IV. DESCRIPCIÓN FISICA
Paciente en mal estado general. Mal estado nutricional. Piel y mucosas pálidas, levemente
deshidratadas. Facies pálida, terrosa. Los signos vitales: TA 90/60 mmHg, FC 84 latidos por
minuto, frecuencia respiratoria 24 ciclos por minuto. Peso 32 kg., Talla l.55m. Índice de masa
corporal (IMC) 13.3 kg/m2.
Paciente con un cuadro de evolución desde los 14 años de edad, época en la cual es víctima
de burlas de su profesor de educación física, quien le decía que estaba muy desarrollada y
gorda; en inicio ella no hizo mucho caso a estos comentarios pero empezó a sentirse
despreciada y sentirse con sobrepeso cuando sus amigas se burlaban de ella, pese a que ella
refiere que sus familiares le decían que no estaba con sobrepeso. Cada día al levantarse y
mirarse al espejo ella percibía que tenía la cabeza muy grande y redonda además consideraba
que su silueta corporal era desagradable ya que no tenía la figura deseada ni cintura: por esta
razón decide alejarse de sus amigas de colegio y aislarse evitando de esta manera las burlas
que recibía de ellas, además le afecto demasiado en esa época el apodo de “moustrito” que
sus compañeros de colegio le dieron porque tenía los ojos hundidos y la consideraban gorda.
“Yo era coqueta” refiere pero al verme al espejo veía una persona que no podía ser bella por
tener una cara tan redonda con los ojos hundidos y un cuerpo sin forma, es por esta razón
que empieza a ocultar la comida que le daban en bolsas plásticas para después botarla a la
basura.
Durante este tiempo nota que su periodo menstrual se torna primero irregular con periodos
de catamenio de 2 a 3 días, luego 1 a 2 días y finalmente desaparece por lapso de 10 años.
Comienza a trabajar en una fotocopiadora, lugar donde conoce a su primer enamorado, con
el que empieza una relación de bastante confianza.
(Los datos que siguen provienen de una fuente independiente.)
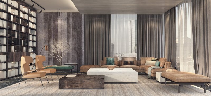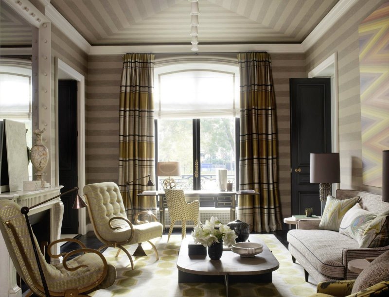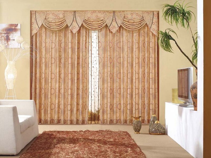 Если дизайн комнаты пестрит различными узорами и рисунками на мебели, обоях или половом покрытии, то стоит выбирать портьеры более спокойных и сдержанных оттенков. Можно выбрать однотонную ткань, которая поддержит основной цвет в интерьере.

Él le decía que estaba un poco gorda y
por eso la llamaba “globito”, “gordita”, “garrafita”, lo que empezó a preocuparla más. Su
enamorado le decía que estaba mejor que cuando la había conocido, pero ella desconfiaba de
esa expresión por lo que decide intentar provocarse vómitos después de ver un documental
de televisión donde una joven se provocaba vómitos metiéndose la mano a su boca. Primero
intenta el vómito provocado con un dedo y una vez al mes, luego la frecuencia fue
aumentando a una vez a la semana, una vez cada dos días y finalmente en forma diaria y sin
darse cuenta ella menciona que incluso ya podía meter a la boca toda la mano para provocarse
el vómito, describiendo incluso que tenía marcas de los dientes en la mano y los dedos.
Las actividades en su trabajo se tornan más difíciles ya que no podía concentrarse. Empezó
a notar que perdía cabello, se le cayeron las pestañas y las cejas, empezaron a deteriorarse
sus dientes, constantemente se encontraba estreñida y cada vez, según referencia de la madre,
ella estaba más delgada y pálida; motivos por los que empezó a tener más control por parte
de su familia para que no vaya al baño o a su cuarto a vomitar después de las comidas. Sus
familiares entonces la llevan obligada a un centro sanitario donde es valorada por medicina
interna. Según referencia de la paciente, le indicaron que se encontraba con palidez
mucocutánea, pérdida importante de peso y reflejos rotulianos disminuidos concluyendo con
los diagnósticos de úlcera péptica, gastritis y abolición en la secreción de ácido clorhídrico y
anorexia nerviosa, último diagnóstico que rechazó y no quiso aceptar; recibiendo en esa
oportunidad tratamiento con metoclopramida 10 miligramos vía oral, 1 comprimido 30
minutos antes de las comidas, tratamiento que la paciente incumple pese al control que tenia
de sus familiares en su domicilio durante las comidas y su medicación.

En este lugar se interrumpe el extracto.